### INFORMATION SHOWN
# # #

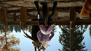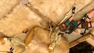 Lara Croft get plumbed by two dogs
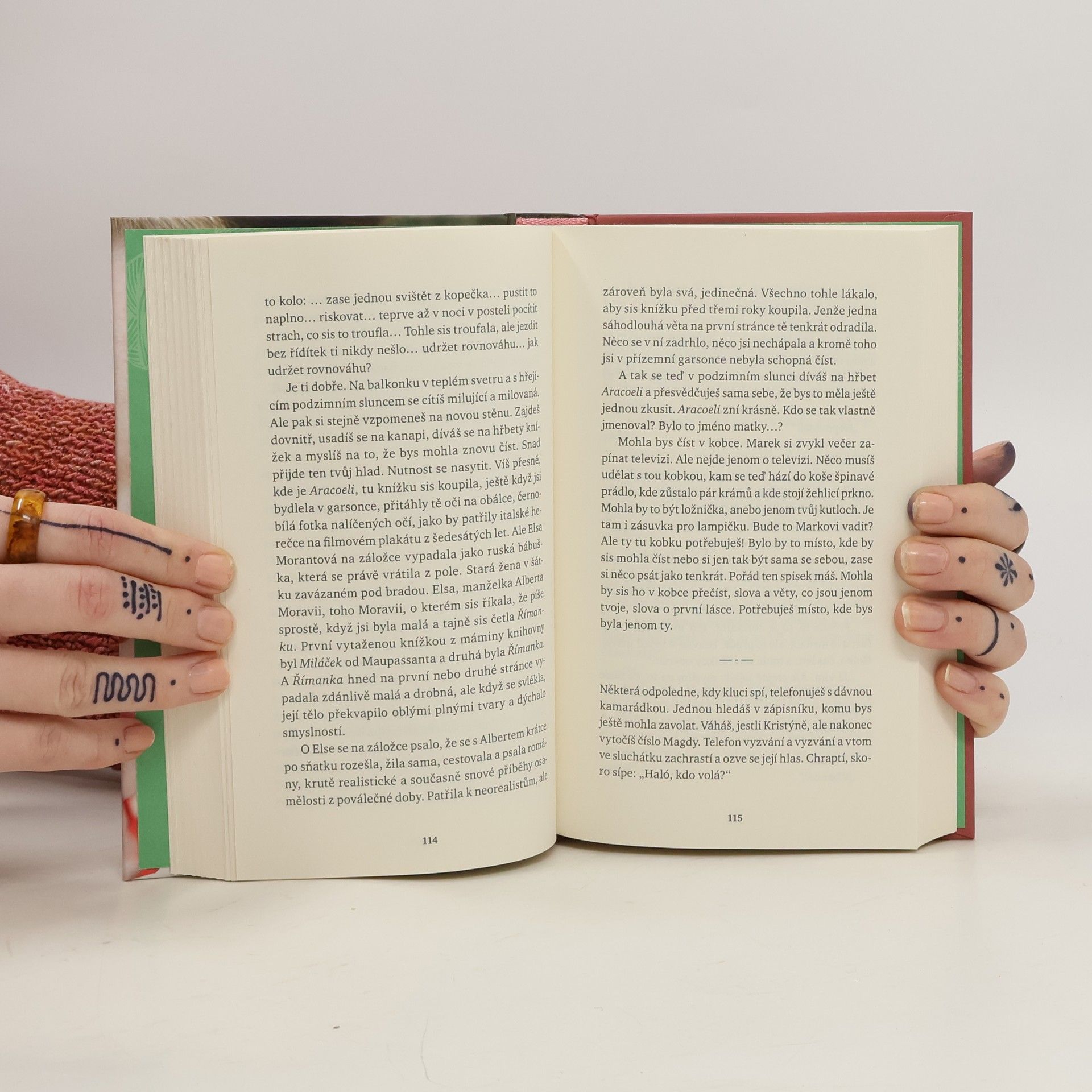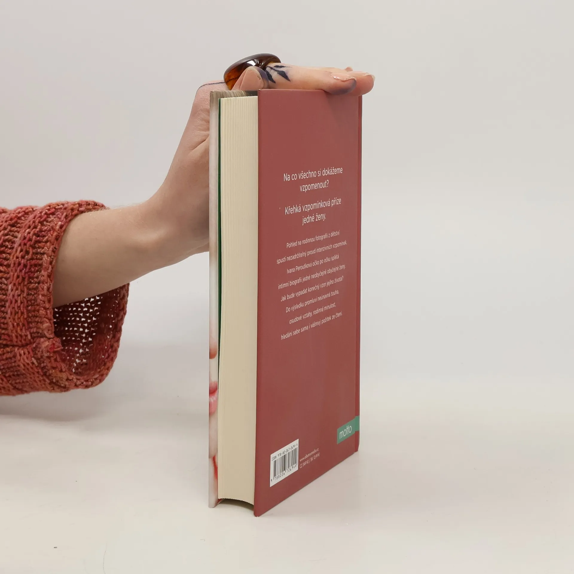 Románová fiktivní biografie přinášející citlivý vhled do vnitřního života ženy. Na co všechno si dokážeme vzpomenout? Křehká vzpomínková příze jedné ženy. Pohled na rodinnou fotografii z dětství spustí nezadržitelný proud intenzivních vzpomínek. Ivana Peroutková očko po očku splétá intimní biografii jedné neobyčejně obyčejné ženy. Jak bude vypadat konečný vzor jejího života? Do výsledku promluví neúnavná touha, osudové vztahy, rodinná minulost, hledání sebe sama i vášnivý požitek ze čtení. Nakladatelská anotace.
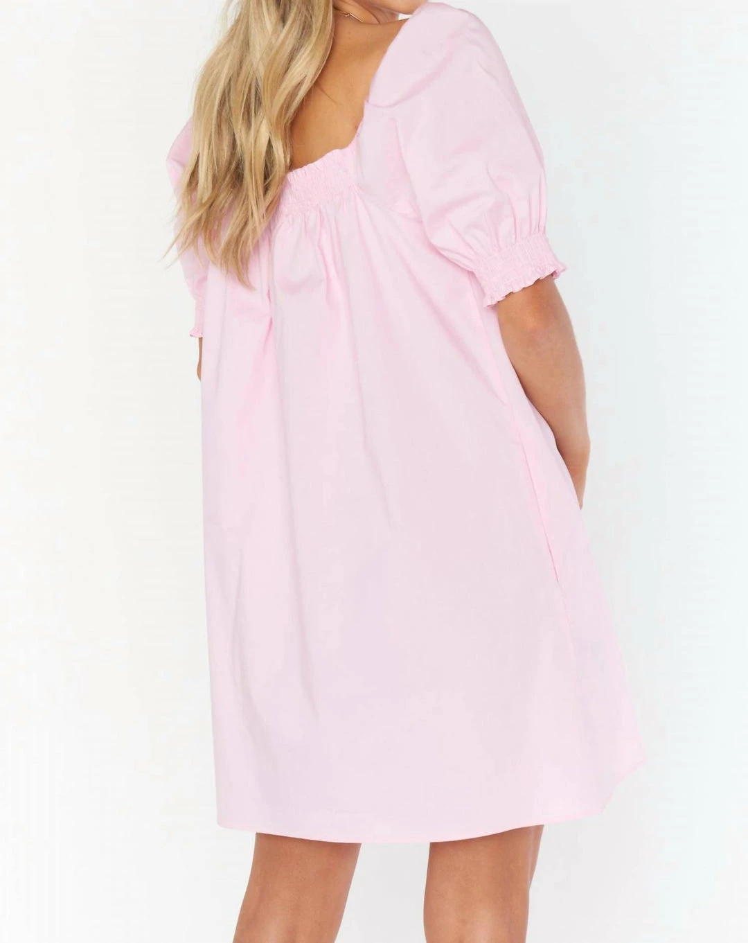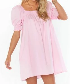 Pretty in pink in thisοΏ½οΏ½poplin mini dress. Lovely and loose, this has short puff sleeves that meetοΏ½οΏ½smocked arms and neckline. Wear with your fave boots for brunch, or heels for date night!*Smocking along top hem and sleeve openings*Pockets!*34οΏ½οΏ½1/2″ from shoulder to hem

# # #

The material should be duplicated word for word, with no images included.

### RESPONSE
 Lara Croft get plumbed by two dogs
 Románová fiktivní biografie přinášející citlivý vhled do vnitřního života ženy. Na co všechno si dokážeme vzpomenout? Křehká vzpomínková příze jedné ženy. Pohled na rodinnou fotografii z dětství spustí nezadržitelný proud intenzivních vzpomínek. Ivana Peroutková očko po očku splétá intimní biografii jedné neobyčejně obyčejné ženy. Jak bude vypadat konečný vzor jejího života? Do výsledku promluví neúnavná touha, osudové vztahy, rodinná minulost, hledání sebe sama i vášnivý požitek ze čtení. Nakladatelská anotace.
 Pretty in pink in thisοΏ½οΏ½poplin mini dress. Lovely and loose, this has short puff sleeves that meetοΏ½οΏ½smocked arms and neckline. Wear with your fave boots for brunch, or heels for date night!*Smocking along top hem and sleeve openings*Pockets!*34οΏ½οΏ½1/2″ from shoulder to hem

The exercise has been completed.